Having a clear and fair policy on the use of the telephone, internet and email at work is advisable in the light of the Dunn and Kwik Fit cases where failure to implement an IT policy led to the conclusion by the Employment Tribunal that a summary dismissal was unfair. The best way to approach the issue of such a policy is to publicise it and make it clear that non-compliance will lead to disciplinary action.

The Code of Practice advises employers to establish policies on the use of electronic communications which set out clearly how employees are authorised to use the employer's systems for private communications. Although this advice goes beyond the requirements of the Act, having a policy is consistent with the requirements of the Act and is considered good practice by the Commissioner. Having a policy on communications is a practical method of dealing with the issue of information and consent.

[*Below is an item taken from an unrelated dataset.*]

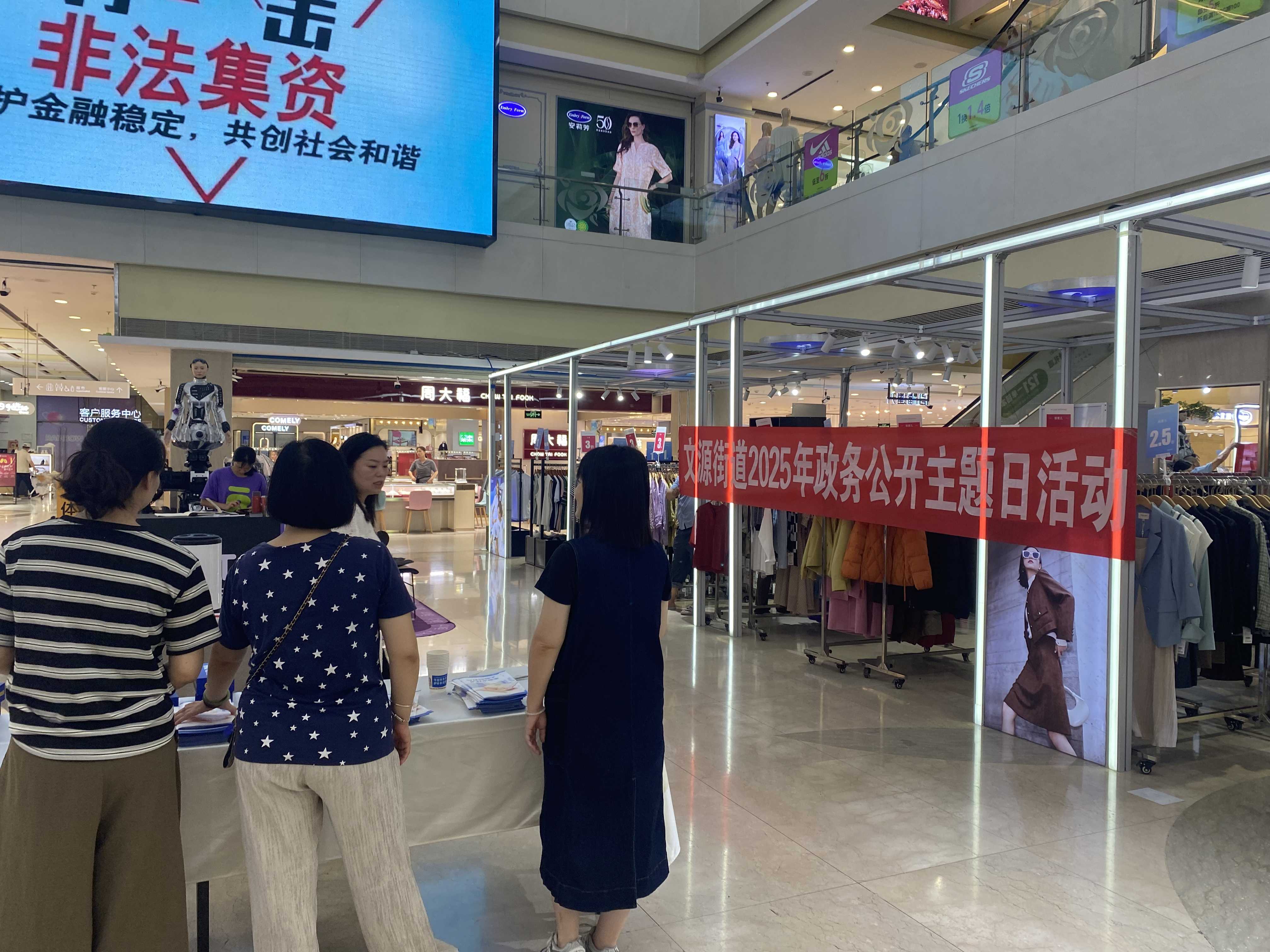 2025年7月22日,长沙市利来w66最给利文源街道经济办联合便民服务中心,在天虹商场开展2025年“政务公开主题日”暨防范非法集资宣传活动,将政策服务送到居民身边,全面筑牢金融安全防线。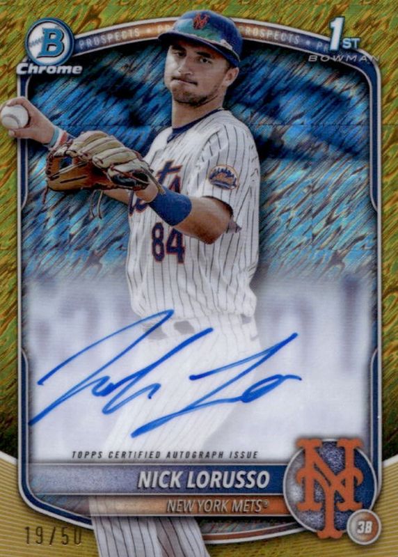 Nick Lorusso's Baseball cards are available in at least 1 sets. Nick Lorusso's biggest 7-day price movers are 2025 Bowman Chrome #CPA-NL Prospect Auto (1st), 2025 Bowman Chrome #CPA-NL Prospect Auto - Gold Shimmer Refractor /50 (1st), and 2025 Bowman Chrome #CPA-NL Prospect Auto - Orange Shimmer Refractor /25 (1st).

If an employer establishes the practice of circulating a policy to every employee stating the circumstances in which monitoring will take place, this will satisfy the requirement to inform employees for the purposes of the Data Protection Act and the Lawful Business Practice Regulations. The employer may also incorporate a return slip at the end of the policy which employees should sign and return indicating their consent.

However, employers must be careful how they word the policy and ensure that they put the policy into practice since if the stated policy differs from the employer's practice, employees may be lead into false expectations that their communications are private.

Conclusion

Employers who monitor their employees must bring their activities within the legislative framework and conduct their activities with a respect for the privacy of their employees. The visions of a Big Brother society have become a technical possibility. However, the protection afforded to individuals is now catching up with the pace of technological advances.